- DATASET EXCERPT -
-*-

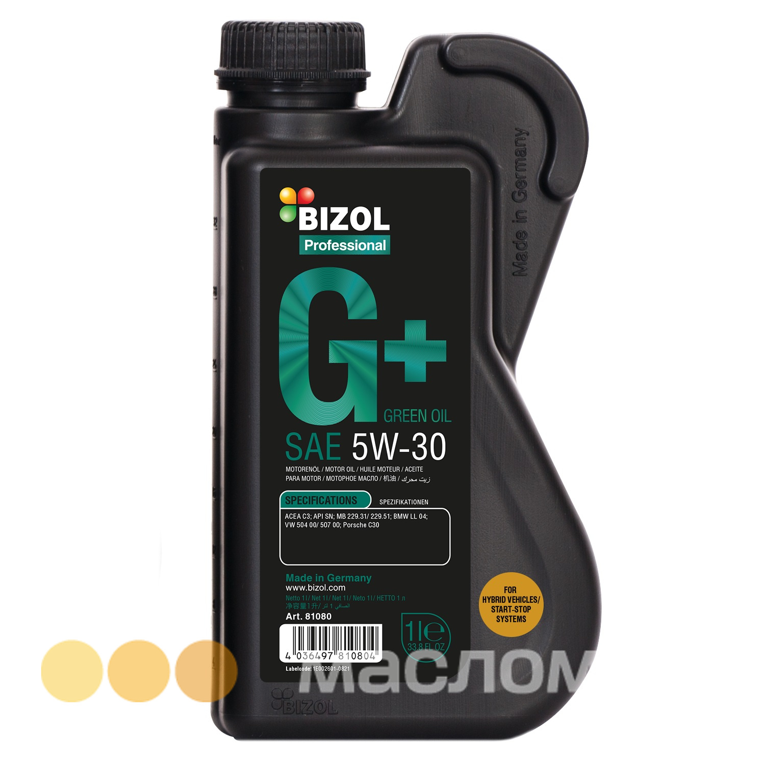 Чтобы удовлетворить потребности в моторном масле для автомобилей с гибридными двигателями или с системами «старт-стоп», инженеры компании BIZOL разработали новые технологии производства моторного масла. Технологии COMB Lubriboost и 2D Surface Gel обеспечивают лучшую смазывающую способность и перманентную масляную пленку на всех двигателя. Технология OxShield обеспечивает повышенную стойкость к окислению и защиту двигателя во время продолжительного периода его работы между заменами масла. Наночастицы материала с высокой поперечной силой представляют собой так называемую технологию W-guard, обеспечивающую защиту всех агрегатов двигателя, которые наиболее подвержены износу. Масло BIZOL Green Oil+ снижает риск эффекта раннего зажигания на низких оборотах (LSPI).
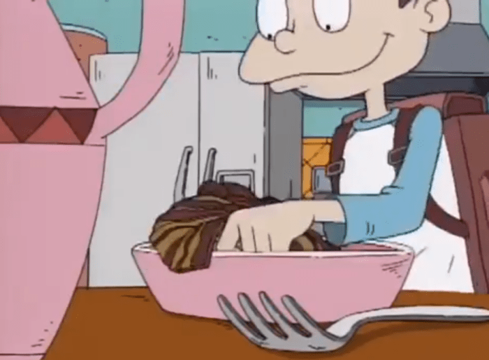 This clip comes from the pilot episode of All Grown Up, a spin off from Nickelodeon’s Rugrats where the characters are older. It’s also an indictment of the show’s once-bald, diaper-wearing protagonist, Tommy Pickles.
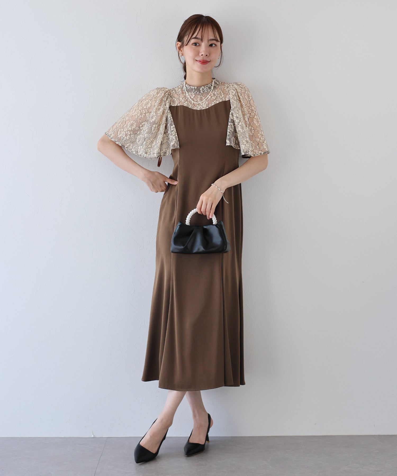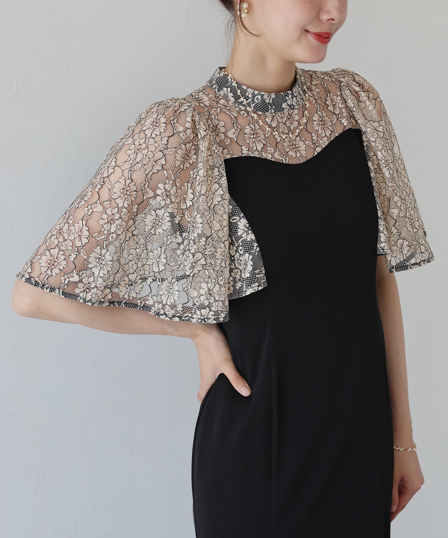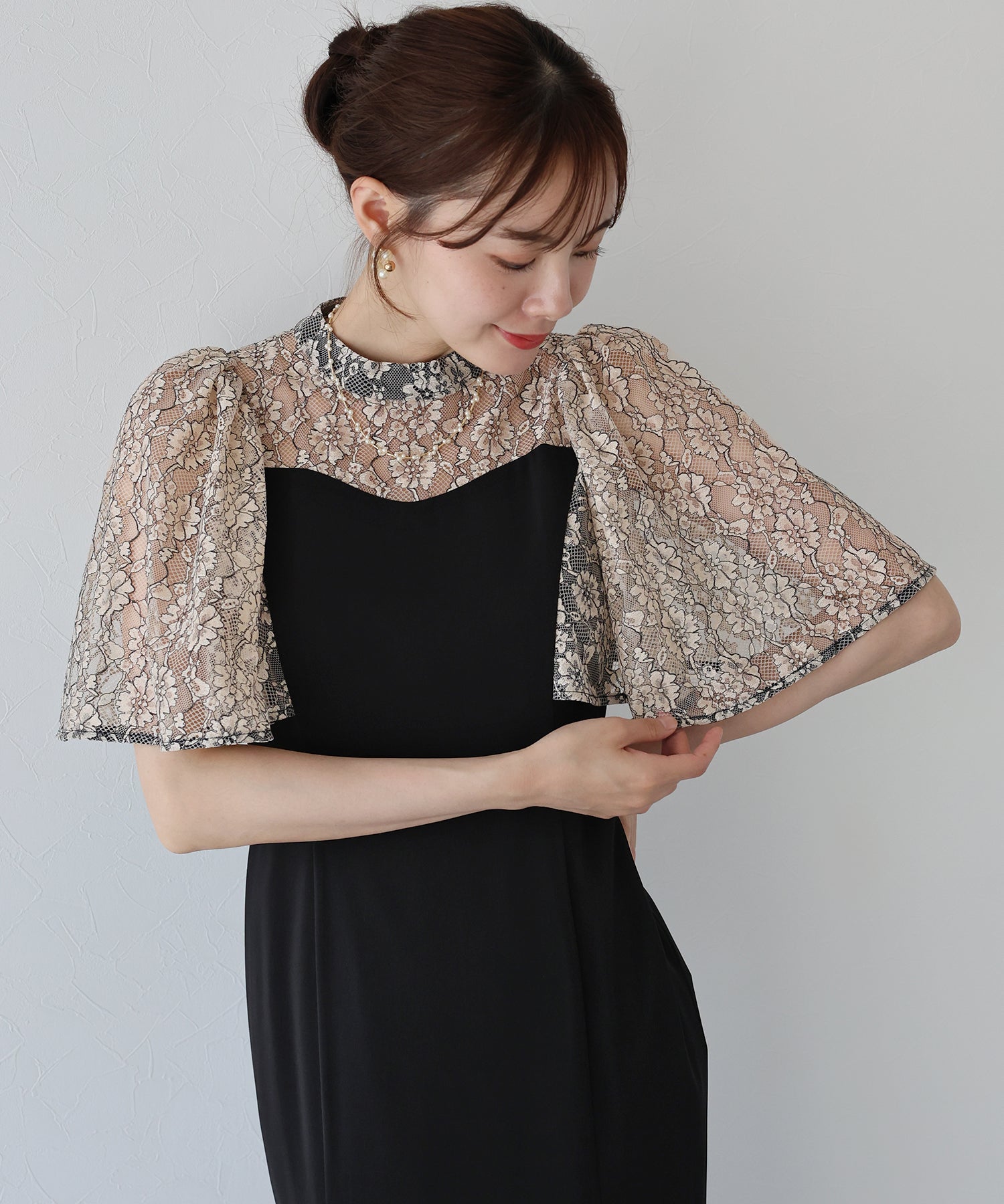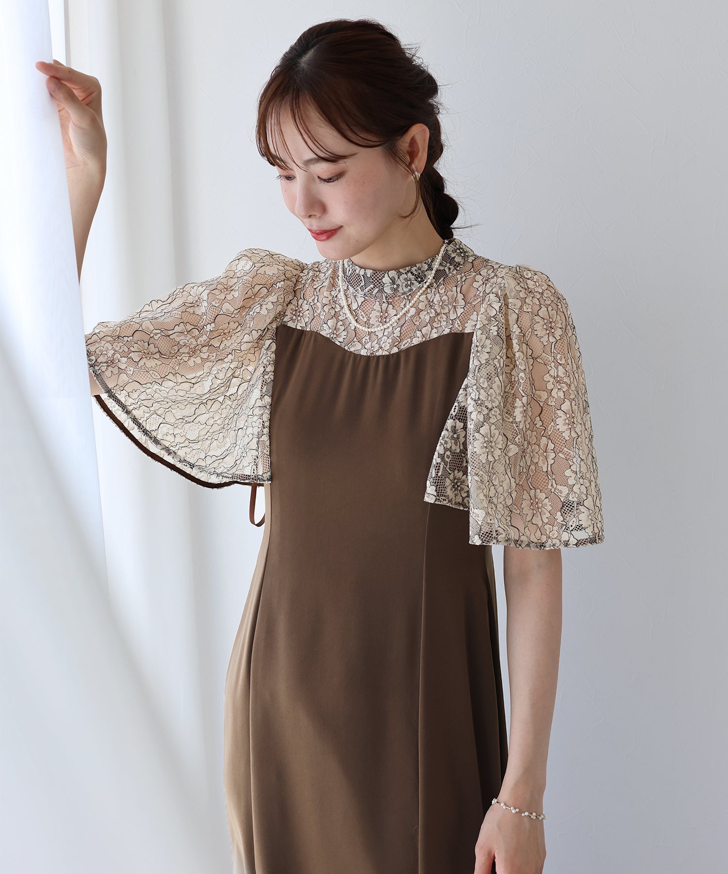 デコルテ部分に透け感のあるレースを使用し、顔回りが華やかな印象に。

-*-

- PROBLEM TO SOLVE -
Starting with the line that holds "This clip comes", reproduce exactly each line up to and including the last line of the material above, and drop the pictures.

- PROBLEM SOLUTION -
 This clip comes from the pilot episode of All Grown Up, a spin off from Nickelodeon’s Rugrats where the characters are older. It’s also an indictment of the show’s once-bald, diaper-wearing protagonist, Tommy Pickles.
 デコルテ部分に透け感のあるレースを使用し、顔回りが華やかな印象に。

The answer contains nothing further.